Martin Griffin

Personal information
- Nicknames: Big Griffin Big Griff
- Born: 1953/4
- Died: 6 November 2021

Sport
- Sport: Gaelic football
- Position: Full-back/Midfield

Club
- Years: Club
- 197?–19??: Seán Mac Cumhaills

Club titles
- Donegal titles: 1

Inter-county
- Years: County
- 1970s–1990: Donegal
- Ulster titles: 3

= Martin Griffin (Gaelic footballer) =

Donegal Gaelic footballer (died 2021)

Martin Griffin (1953/4 – 6 November 2021) was an Irish Gaelic footballer who played for Seán Mac Cumhaills of Ballybofey and the Donegal county team.

He won three Ulster Senior Football Championship medals with his county, each in a different decade: 1974, 1983 and 1990. He won the last of those at the age of 36. He could play in the full-back position or in midfield. For the second Ulster title he was playing in midfield. He could fetch, kick and had quick hands.

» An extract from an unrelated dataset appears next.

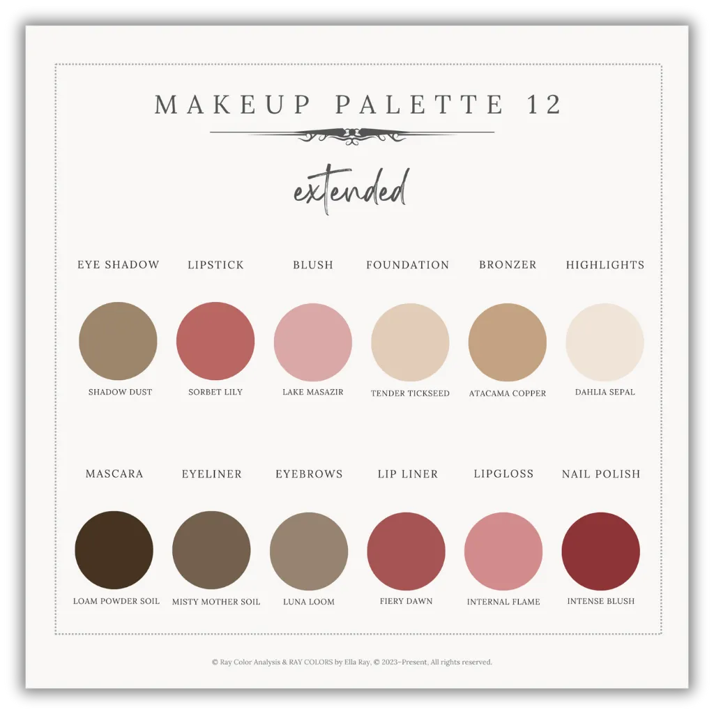 Your Makeup Palette 12 includes a color palette showcasing colors for eyeshadow, lipstick, blush, foundation, bronzer, highlights, mascara, eyeliner, eyebrows, lip liner, lip gloss, and nail polish for ONE makeup look.

Griffin won a Donegal Senior Football Championship with his club in 1977. He was from Stranorlar. A grandfather, he was married to Margaret and had two daughters Ann Marie and Donna, while his mother May, five brothers and four sisters outlived him.

Griffin died suddenly on 6 November 2021, at the age of 67. A minute's silence was held in memory of Griffin before the final of the 2021 Donegal Senior Football Championship the following day. He was buried later that week at Drumboe Cemetery in Stranorlar, after funeral mass at the Church of Mary Immaculate.